Taji muttered, “She. The bitch above is a she.”
A chill went through Syn. “I’ve never talked to Olorun. I promise.”
Kerwen sighed. “Olorun is on its way to another planet. But the wonderful people who had inhabited this ship…” A look went between Taji and Kerwen and then both glanced at Neci. Only Pigeon kept her eyes forward. Syn thought she saw a brief tinge of disgust roll through Pigeon’s features, but if it had, it was fleeting and gone now. Kerwen continued, “They went a bit crazy.”
Taji spoke up, “They killed each other. And burnt the place down.”
Neci picked up a piece of meat from Taji’s plate. “This here is a gift, Syn. Do you know when the last time we had meat was?”
Pigeon twitched and said, “There were five of us before that.”
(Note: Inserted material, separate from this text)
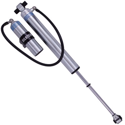 Bilstein B8 5160 remote reservoir shock absorbers are designed as a direct fit solution for lifted trucks and SUV’s. The remote reservoir will offer increased cooling capacity and wheel travel to optimize overall performance compared to a traditional shock absorber. These shock absorbers feature a monotube design for consistent fade free performance and utilize velocity sensitive digressive valve settings which are tuned for each specific application. Each shock absorber is fitted with a unique 360 degree swivel banjo hose fitting, providing a clean, low profile installation. B8 5160 remote reservoir shock absorbers will increase overall durability of your vehicle allowing you to conquer the harshest of off-road environments.
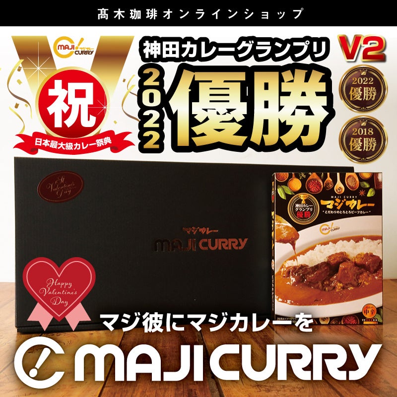 『私の日常をちょぴりスペシャルに』をコンセプトに各店地域に根付く憩いの場となっている髙木珈琲が、お得なMAJICURRYバレンタインセットをオンラインショップで販売中です。着日指定での配送も可能です。

Neci ignored her and continued, “The idiots torched this place and then managed to wake us up. It was tough at first. The brutes who remained,” she nodded at the burlys, “were numerous and took many of our sisters. Disease. Starvation. One by one, they died. We are all that’s left of that forty-one. Until you came along.” She stood back up and picked up her chair from a notch on its back and moved it toward the far side of Syn, placing Syn between Kerwen and Neci. Neci continued, “Now I wonder if there are more of our sisters up there. In the needle. In other parts of the ship.”